こうした状況のすべてにおいて、Sweet Babyはゲーム内でプレイヤーが嫌うあらゆるもののスケープゴート、特に多様性と包括性に関するスケープゴートにされてしまった。ベダール氏は「以前は誰も非難する相手がいなかった」と語る。
「彼らが言っているのは、これらのゲームがことごとく失敗しているのは私たちのせいだということです。これらのゲームの中には、昨年最もノミネートされたり、受賞したりしたゲームもあります」とベダール氏は付け加えた。

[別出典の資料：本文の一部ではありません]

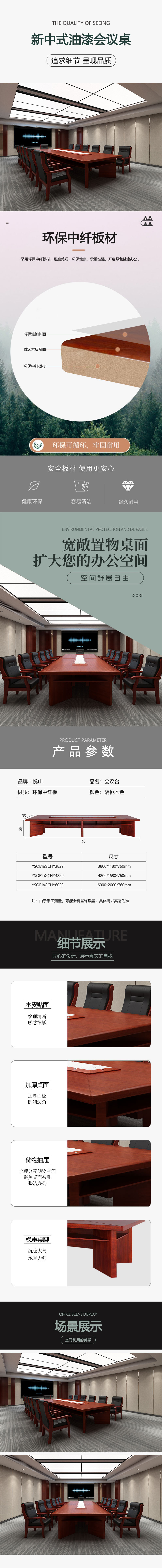 悦山 大型会议桌长条简约商务开会桌 胡桃木色 4800*1680*760*1张

Sweet Baby Inc Detectedが、その敵対企業をどのように描写しようとしているかに関わらず、ベレア氏によると、両者には想像以上に多くの共通点があるという。「私も形骸化は望んでいません」と彼女は言う。「無理やり多様性を押し付けることも望んでいません」。Sweet Babyの仕事の一つは、登場人物をその世界の中でよりリアルで躍動感あふれるキャラクターにすること、つまり、キャラクターがいかに巧みに描かれ、実現されているかという点で、強いキャラクターを描くことだと彼女は言う。

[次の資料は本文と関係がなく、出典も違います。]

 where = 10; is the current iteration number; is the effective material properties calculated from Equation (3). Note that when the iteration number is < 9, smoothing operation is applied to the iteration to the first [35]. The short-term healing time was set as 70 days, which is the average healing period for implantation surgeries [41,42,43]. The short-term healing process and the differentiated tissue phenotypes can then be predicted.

率直に言って、前向きで興味深い対話はたくさんあるとベレアは言う。「でも、ここから始めることはできないんです」と彼女は続ける。「陰謀論者を説得することはできません。憎しみに満ちた人々を説得することはできません。必ずしも彼らの考えを変えることはできません。でも、少なくとも、私たちは他の人々に、自分たちの信念や価値観を語り、そしてそれらを乗り越える場を与えることができます。」
Sweet Babyの創業者たちは、同社の事業に関しては、これまでのところハラスメントキャンペーンは業務の妨害には繋がっていないと述べている。ベルエア氏によると、多くのゲームスタジオがオンラインでのハラスメントを経験しているため、クライアントは協力的だという。Sweet Babyは、どのキャラクターやストーリーラインを手がけたのかを直接明かすことをためらってきた。ベルエア氏は、そうした発言が他の開発者へのハラスメントにつながることを懸念しているからだ。
「こんな憎しみを誰かに向けるべきではありません」とベレアは言う。「何か気に入らない点があったとしても、それはそれで構いません。受け入れればいいんです。欲しくないならもうゲームを買わなくてもいいですが、だからといって大々的なキャンペーンを展開する必要はありません。」